Now Amazon is basically admitting that many of its house brands are failures, and it's shutting them down.

Amazon is slashing the number of in-house brands it offers on its marketplace. The retail giant plans on cutting 27 of its 30 private-label clothing brands as it looks to cut costs and stave off antitrust scrutiny, according to a report from The Wall Street Journal.

Amazon is keeping just a few house brands, generally those that have the Amazon name in them, and ditching basically all the brands that don't. While much of the framing in the various news stories I've seen suggest that they might be doing this to try to relieve regulatory pressure (as the FTC is expected to file yet another lawsuit against Amazon shortly), it also seems quite likely that the reality is that, for all of the data" that Amazon has access to, it didn't much matter when it came to getting customers to actually buy the products.
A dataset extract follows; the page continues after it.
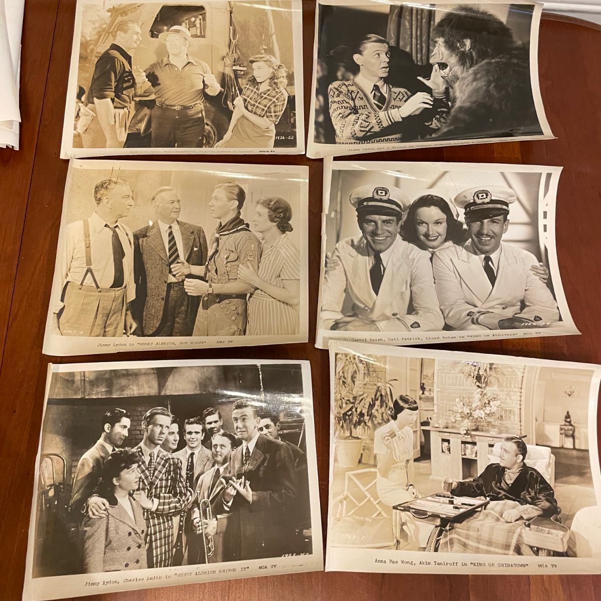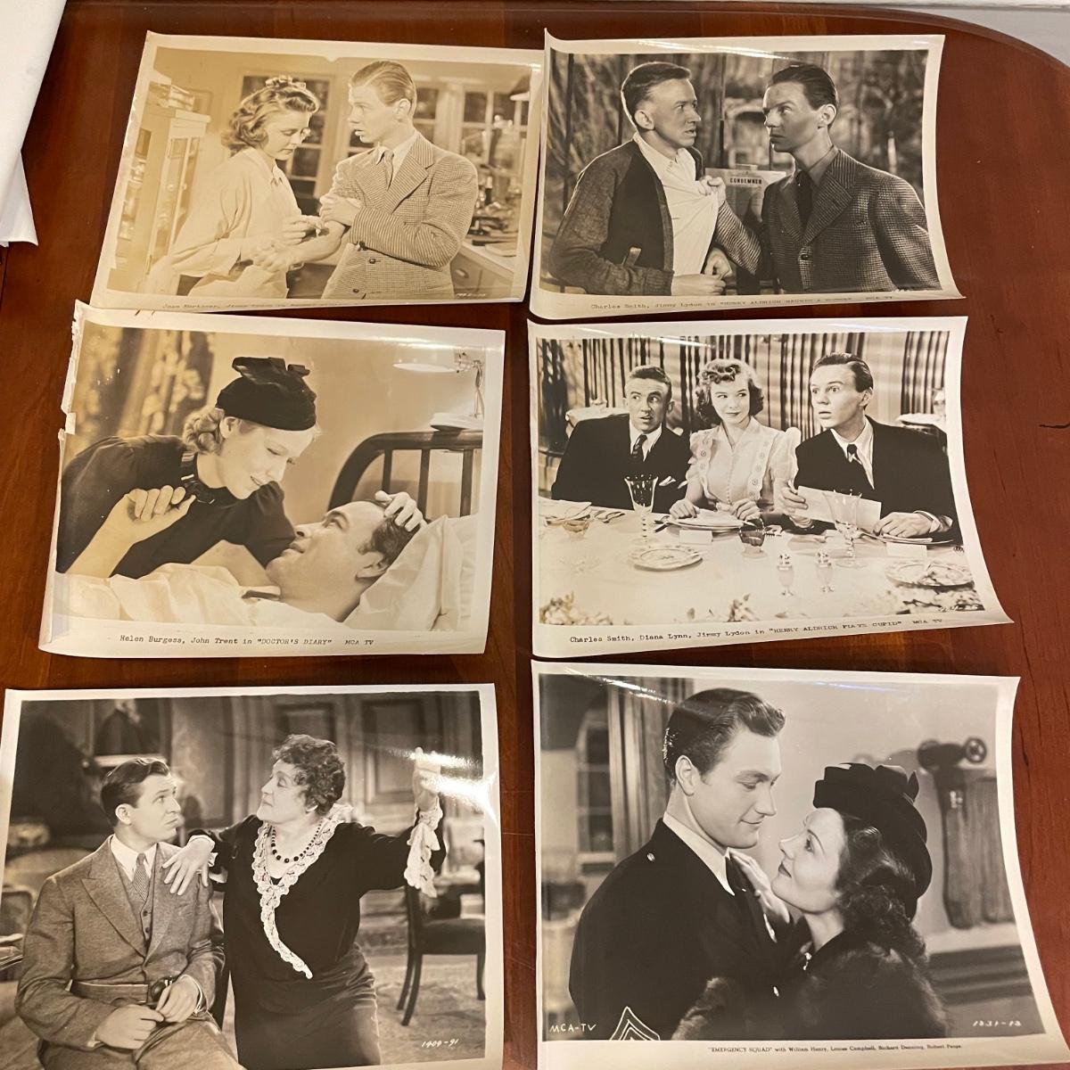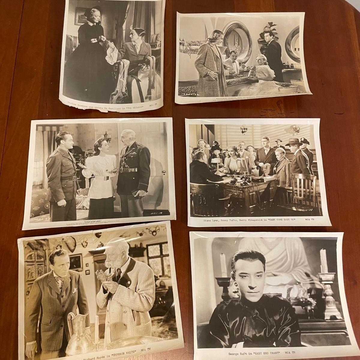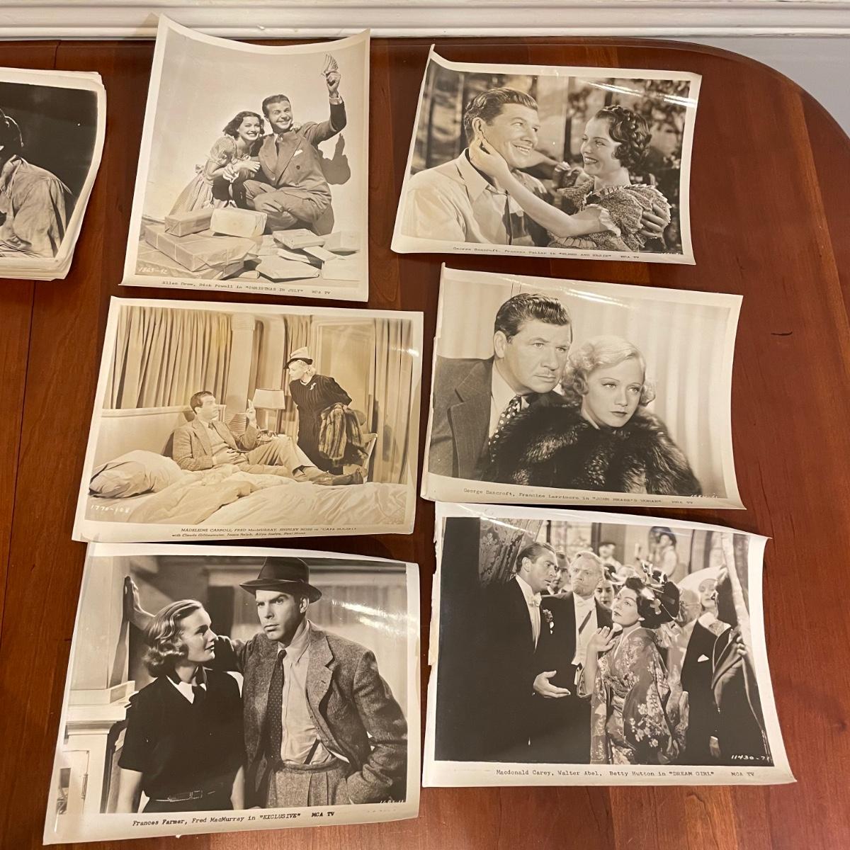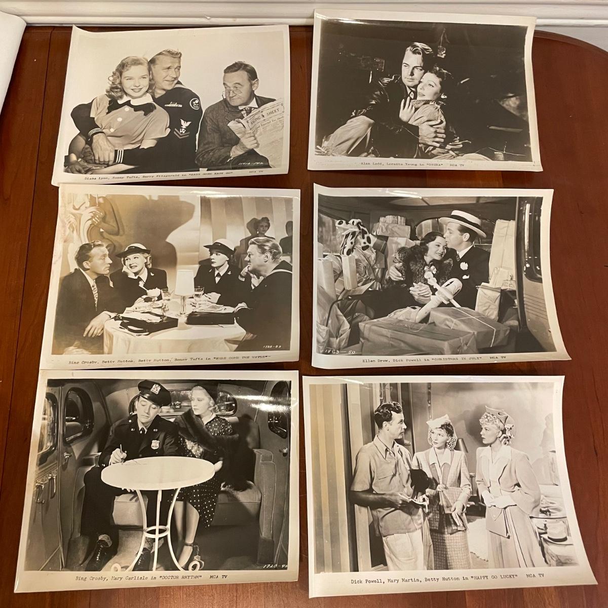Over sixty photos of classic scenes from classic movies the are promo prints from MCA TV. There is also a first edition of Out of Africa alongside a panel-less framed photo of Robert Redford and colored picture book. Two more joys in the lot are a waxy paper advertisement and a signed & framed photograph of Rudy Vallee. Pictures measure 8” x 10“. See images. Shipping available.

Anyone who's ever sold anything knows that there's a lot more than just data" to figuring out what products to sell, and how to best sell them. Branding matters, for one thing. It might very well be true that Amazon is using data in a sketchy way, but if that is true, it's not at all clear that it's working in a way that is damaging competition. I know that we live in era where people seem to think that big data" is like some sort of magical mind control device that allows the big companies to force people to do things against their will, but over and over again the evidence suggests that big data" can be helpful but is hardly the powerful monster that we're constantly told it is.